[Recorded data]

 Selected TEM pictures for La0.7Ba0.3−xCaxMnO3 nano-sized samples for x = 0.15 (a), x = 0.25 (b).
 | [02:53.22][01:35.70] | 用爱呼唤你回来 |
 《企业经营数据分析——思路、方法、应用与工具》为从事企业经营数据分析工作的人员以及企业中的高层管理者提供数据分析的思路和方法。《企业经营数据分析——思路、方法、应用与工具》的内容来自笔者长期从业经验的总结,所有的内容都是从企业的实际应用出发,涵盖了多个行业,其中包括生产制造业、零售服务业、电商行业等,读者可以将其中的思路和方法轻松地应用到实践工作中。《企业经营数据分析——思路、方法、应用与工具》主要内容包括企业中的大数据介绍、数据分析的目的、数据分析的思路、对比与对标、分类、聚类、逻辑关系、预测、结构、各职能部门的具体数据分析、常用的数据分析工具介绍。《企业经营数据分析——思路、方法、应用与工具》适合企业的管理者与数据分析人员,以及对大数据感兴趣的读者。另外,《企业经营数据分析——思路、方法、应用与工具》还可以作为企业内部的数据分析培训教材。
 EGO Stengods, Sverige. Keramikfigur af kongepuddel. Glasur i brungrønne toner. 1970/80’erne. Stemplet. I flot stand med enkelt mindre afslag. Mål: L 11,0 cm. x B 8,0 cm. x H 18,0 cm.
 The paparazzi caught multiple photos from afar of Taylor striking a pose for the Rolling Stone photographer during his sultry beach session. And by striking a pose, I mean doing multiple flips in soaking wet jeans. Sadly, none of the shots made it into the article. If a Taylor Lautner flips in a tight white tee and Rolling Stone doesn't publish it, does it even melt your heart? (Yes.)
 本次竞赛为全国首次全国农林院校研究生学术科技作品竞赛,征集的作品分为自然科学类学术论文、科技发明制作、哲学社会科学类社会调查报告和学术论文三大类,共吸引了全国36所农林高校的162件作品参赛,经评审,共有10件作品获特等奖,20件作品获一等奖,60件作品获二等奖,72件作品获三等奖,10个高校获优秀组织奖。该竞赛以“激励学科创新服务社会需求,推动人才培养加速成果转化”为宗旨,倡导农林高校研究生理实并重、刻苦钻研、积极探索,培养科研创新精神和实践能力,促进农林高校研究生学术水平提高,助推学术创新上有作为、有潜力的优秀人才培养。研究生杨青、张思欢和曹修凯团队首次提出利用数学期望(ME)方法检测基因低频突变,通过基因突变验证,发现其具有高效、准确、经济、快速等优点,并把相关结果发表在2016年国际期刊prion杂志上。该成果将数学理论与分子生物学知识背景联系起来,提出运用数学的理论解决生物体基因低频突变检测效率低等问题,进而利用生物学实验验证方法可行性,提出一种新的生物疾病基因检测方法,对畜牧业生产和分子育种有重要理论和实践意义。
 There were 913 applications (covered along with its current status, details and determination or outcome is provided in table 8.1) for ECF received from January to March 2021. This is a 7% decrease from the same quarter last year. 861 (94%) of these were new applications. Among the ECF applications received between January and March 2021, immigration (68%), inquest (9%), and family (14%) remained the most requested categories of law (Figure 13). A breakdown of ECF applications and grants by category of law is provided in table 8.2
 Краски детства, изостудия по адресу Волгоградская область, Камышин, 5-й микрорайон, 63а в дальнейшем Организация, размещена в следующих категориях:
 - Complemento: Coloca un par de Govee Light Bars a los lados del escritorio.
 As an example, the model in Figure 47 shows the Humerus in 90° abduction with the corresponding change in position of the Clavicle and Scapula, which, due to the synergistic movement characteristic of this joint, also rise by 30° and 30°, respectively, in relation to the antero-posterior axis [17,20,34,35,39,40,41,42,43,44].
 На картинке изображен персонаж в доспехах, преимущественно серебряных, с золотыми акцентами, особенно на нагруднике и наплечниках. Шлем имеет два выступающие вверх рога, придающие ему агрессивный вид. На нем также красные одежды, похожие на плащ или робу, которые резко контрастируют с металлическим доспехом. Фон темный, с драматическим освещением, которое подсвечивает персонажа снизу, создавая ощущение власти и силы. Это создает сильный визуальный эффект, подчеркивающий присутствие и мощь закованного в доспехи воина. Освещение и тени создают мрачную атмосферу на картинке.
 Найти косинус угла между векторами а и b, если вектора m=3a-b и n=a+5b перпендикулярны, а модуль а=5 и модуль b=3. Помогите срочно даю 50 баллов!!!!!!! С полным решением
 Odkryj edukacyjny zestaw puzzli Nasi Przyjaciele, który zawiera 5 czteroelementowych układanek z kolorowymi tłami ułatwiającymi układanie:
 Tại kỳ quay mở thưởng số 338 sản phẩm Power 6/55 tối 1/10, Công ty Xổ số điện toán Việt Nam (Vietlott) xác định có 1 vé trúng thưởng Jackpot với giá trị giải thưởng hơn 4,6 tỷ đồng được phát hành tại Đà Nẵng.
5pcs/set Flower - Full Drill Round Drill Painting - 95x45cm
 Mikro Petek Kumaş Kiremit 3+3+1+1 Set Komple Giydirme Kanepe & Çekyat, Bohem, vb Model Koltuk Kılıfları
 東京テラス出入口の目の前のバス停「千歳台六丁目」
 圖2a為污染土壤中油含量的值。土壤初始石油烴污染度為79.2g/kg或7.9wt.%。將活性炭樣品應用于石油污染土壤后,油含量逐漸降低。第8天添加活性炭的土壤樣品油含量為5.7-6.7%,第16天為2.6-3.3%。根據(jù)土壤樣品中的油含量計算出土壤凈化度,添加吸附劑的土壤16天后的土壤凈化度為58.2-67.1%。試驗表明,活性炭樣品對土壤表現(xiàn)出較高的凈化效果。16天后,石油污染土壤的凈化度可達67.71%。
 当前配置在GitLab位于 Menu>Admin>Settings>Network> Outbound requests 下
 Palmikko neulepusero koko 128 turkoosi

▸ Task instructions
Pull every line with "Figure" from the records.

▸ Exercise response
 There were 913 applications (covered along with its current status, details and determination or outcome is provided in table 8.1) for ECF received from January to March 2021. This is a 7% decrease from the same quarter last year. 861 (94%) of these were new applications. Among the ECF applications received between January and March 2021, immigration (68%), inquest (9%), and family (14%) remained the most requested categories of law (Figure 13). A breakdown of ECF applications and grants by category of law is provided in table 8.2
 As an example, the model in Figure 47 shows the Humerus in 90° abduction with the corresponding change in position of the Clavicle and Scapula, which, due to the synergistic movement characteristic of this joint, also rise by 30° and 30°, respectively, in relation to the antero-posterior axis [17,20,34,35,39,40,41,42,43,44].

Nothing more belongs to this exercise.